Helallaşıldı, vedalaşıldı. Kimileri konuşamadan, gözyaşlarına ve hıçkırıklara boğularak; kimileri de zorlanarak da olsa konuşarak vedalaştılar. Emmim Muhammed Teberdi’de kaldı. O malcıydı, sürüsü vardı. Diğer emmim Orman Şefi Yakup, bizimle beraber deniz kenarına, Lebnskiy’e kadar uğurlamaya geldi.

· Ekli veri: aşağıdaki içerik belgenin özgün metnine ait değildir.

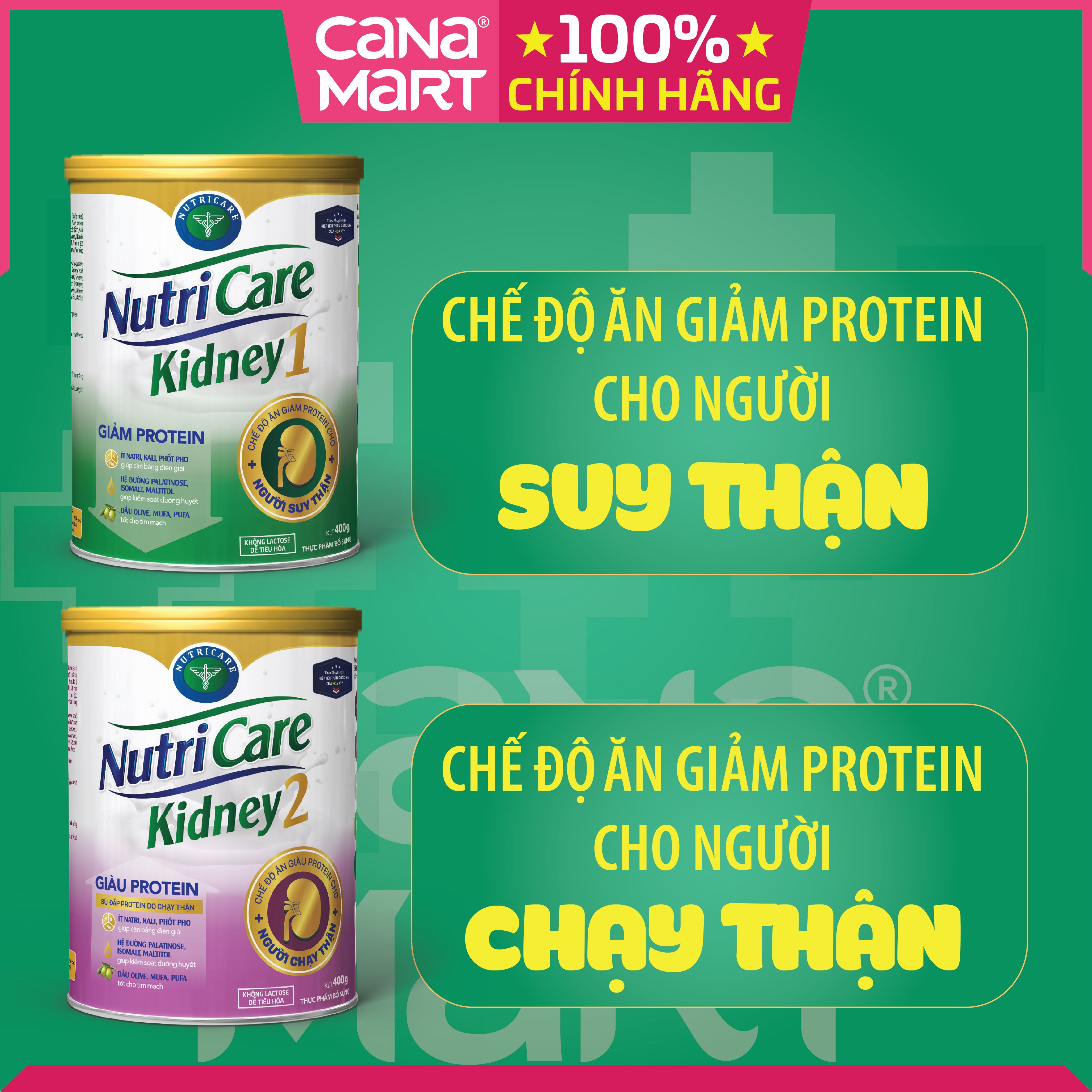 GIẢM PROTEIN & GIÚP CÂN BẰNG ĐIỆN GIẢIProtein thấpgiúp giảm Urê máu, giảm tải cho hoạt động của thận.Ít Natri - Kali - Phốtpho giúp cân bằng điện giải, giảm tải hoạt động cho thận, giảm tì...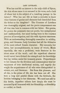 En Ada? Voor zover ik kan beoordelen, was ze iemand die duidelijk sprak en helder dacht. Ze kwam uit de hogere klasse, maar droeg geen bijzonder modieuze kleding en gedroeg zich veel minder als een stereotype gravin dan als een intellectueel. Als volwassene was ze emotioneel behoorlijk volwassen – waarschijnlijk meer dan Babbage – en leek ze een goed praktisch inzicht te hebben in mensen en de wereld.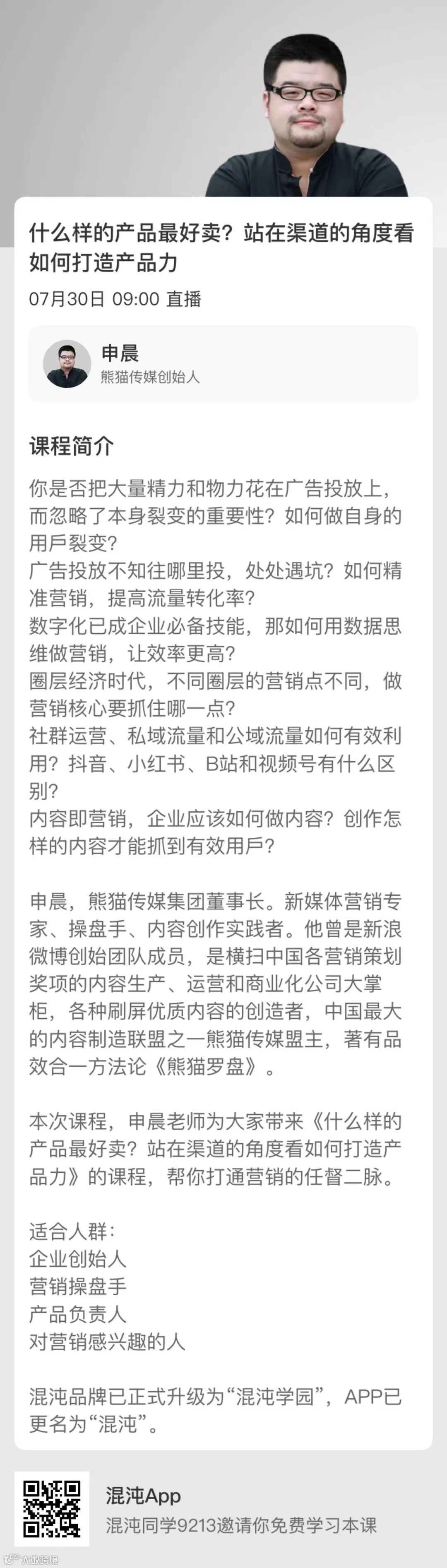 由大汉信息产业园和混沌大学联合推出的《什么样的产品最好卖?站在渠道的角度看如何打造产品力》线上直播课程:

Arabalar kafile şeklinde hareket etmişti. Teberdi’de gözyaşları, hıçkırıklar, ata yurdunda yaşamak ve ölmek isteyenler kalmıştı. Arabalarda kürklere bürünmüş Karaçaylılar, önce köyün dışına kadar uğurlamaya çıkan akrabalarını, sonra çoğu tek katlı ve toprak damlı evlerini, daha sonra da Karaçay dağlarını geride bıraktılar. Ayrılık gerçeğini hepsi kabullendiler. Kafkasya’nın çam kokulu havası ciğerlere doldurularak, arabalarda iki gün yol alındı. Artık Teberdi uzakta kalmıştı. Sokaklarında gezemeyecek, evlerinin önündeki geniş hayatta toy yapamayacaklardı.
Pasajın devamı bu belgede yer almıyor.